About this exercise
The answer must consist solely of the lines from the line with "Marzanna Bednarz, Plaża z patykiem , akwarela" to the final line of the data below, reproduced exactly, pictures omitted.

═════ Material provided ═════

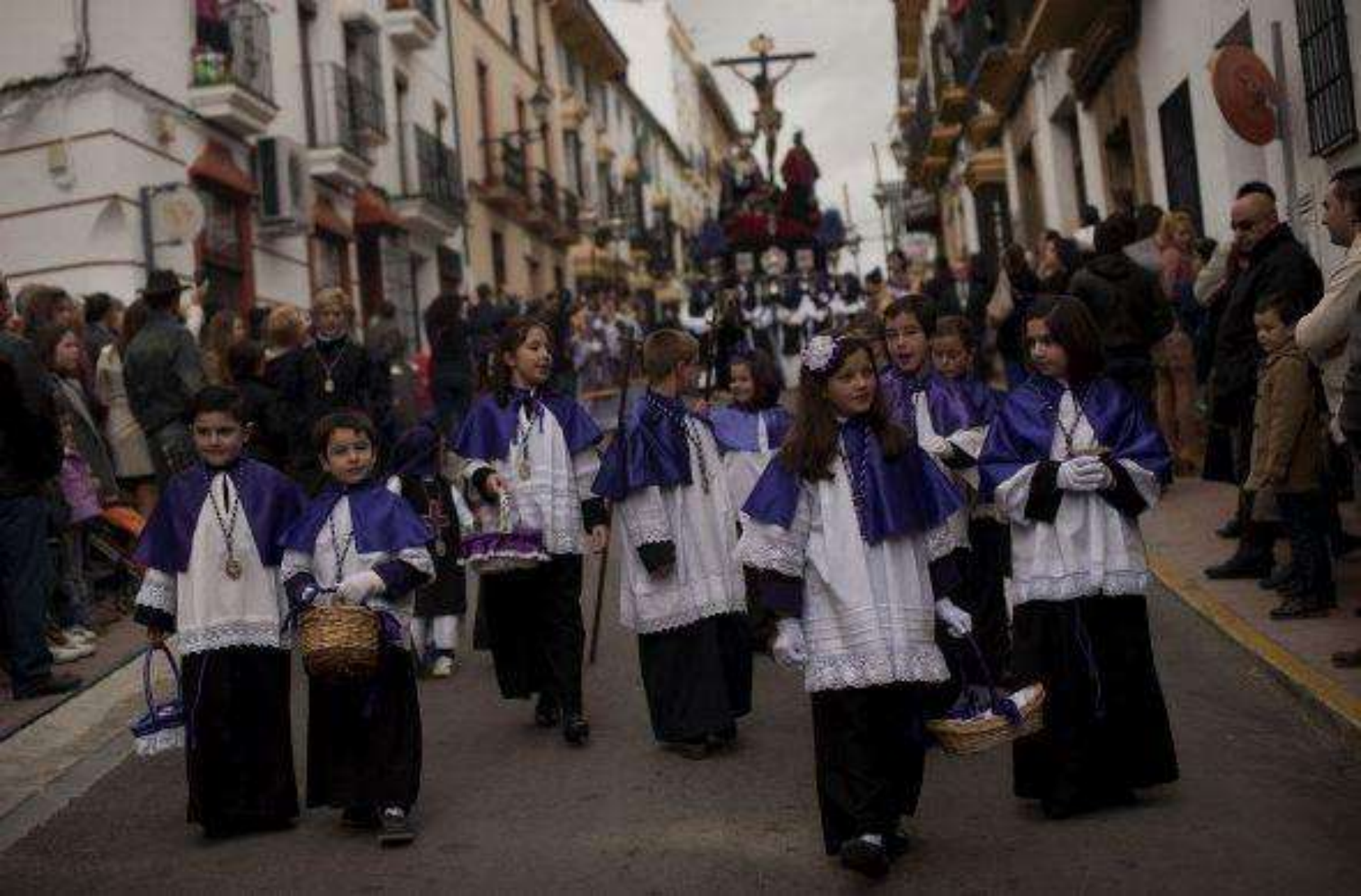
Otros niños participan en las celebraciones de Semana Santa, como estos pequeños españoles
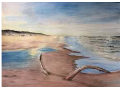
Marzanna Bednarz, Plaża z patykiem , akwarela
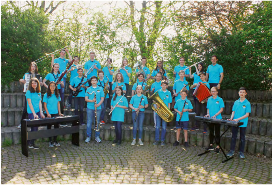
Musikklasse 7b des Carl-Friedrich-Gauß-Gymnasiums, Hockenheim

═════

Answer space
Marzanna Bednarz, Plaża z patykiem , akwarela
Musikklasse 7b des Carl-Friedrich-Gauß-Gymnasiums, Hockenheim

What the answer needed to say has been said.